Task description:
Give the data below again exactly as written, without its pictures.

Data block:
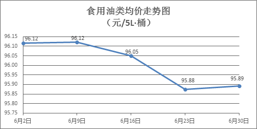 食用油类商品价格微幅上涨。所监测的9种食用油(5L装)商品价格波动情况为6涨2跌1平,综合零售均价为每桶95.89元,环比上涨0.02%。其中:鲁花花生油、玉米油零售均价分别为每桶154.46元、76.87元,环比分别上涨0.21%、上涨0.29%。
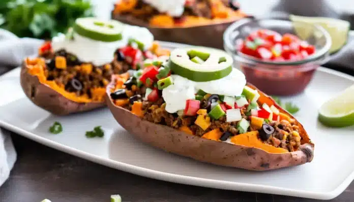 4. Stuff and top the sweet potatoes: Spoon the taco-seasoned beef mixture into each sweet potato, dividing it evenly. Top with shredded cheese, allowing it to melt over the warm filling. Add a dollop of sour cream or Greek yogurt, followed by salsa or diced tomatoes, chopped lettuce, cilantro, and any additional toppings like avocado, jalapeños, or guacamole.
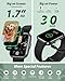 【Smart Life Partner & DIY Background】Multi-functional Smart Watch with 1.7"HD Extra-large full touch screen brings you a unique visual and better interactive experience. You can upload your favorite pictures as your watch faces. It contains many daily useful tools, such as Noise monitoring, Message reminder, Weather forecast, Music control, Stress monitoring, Setting alarms, Stopwatch, timer, Sedentary reminder, Breather guide, Raise to wake, Find phone, adjustable brightness and more.

Answer space:
 食用油类商品价格微幅上涨。所监测的9种食用油(5L装)商品价格波动情况为6涨2跌1平,综合零售均价为每桶95.89元,环比上涨0.02%。其中:鲁花花生油、玉米油零售均价分别为每桶154.46元、76.87元,环比分别上涨0.21%、上涨0.29%。
 4. Stuff and top the sweet potatoes: Spoon the taco-seasoned beef mixture into each sweet potato, dividing it evenly. Top with shredded cheese, allowing it to melt over the warm filling. Add a dollop of sour cream or Greek yogurt, followed by salsa or diced tomatoes, chopped lettuce, cilantro, and any additional toppings like avocado, jalapeños, or guacamole.
 【Smart Life Partner & DIY Background】Multi-functional Smart Watch with 1.7"HD Extra-large full touch screen brings you a unique visual and better interactive experience. You can upload your favorite pictures as your watch faces. It contains many daily useful tools, such as Noise monitoring, Message reminder, Weather forecast, Music control, Stress monitoring, Setting alarms, Stopwatch, timer, Sedentary reminder, Breather guide, Raise to wake, Find phone, adjustable brightness and more.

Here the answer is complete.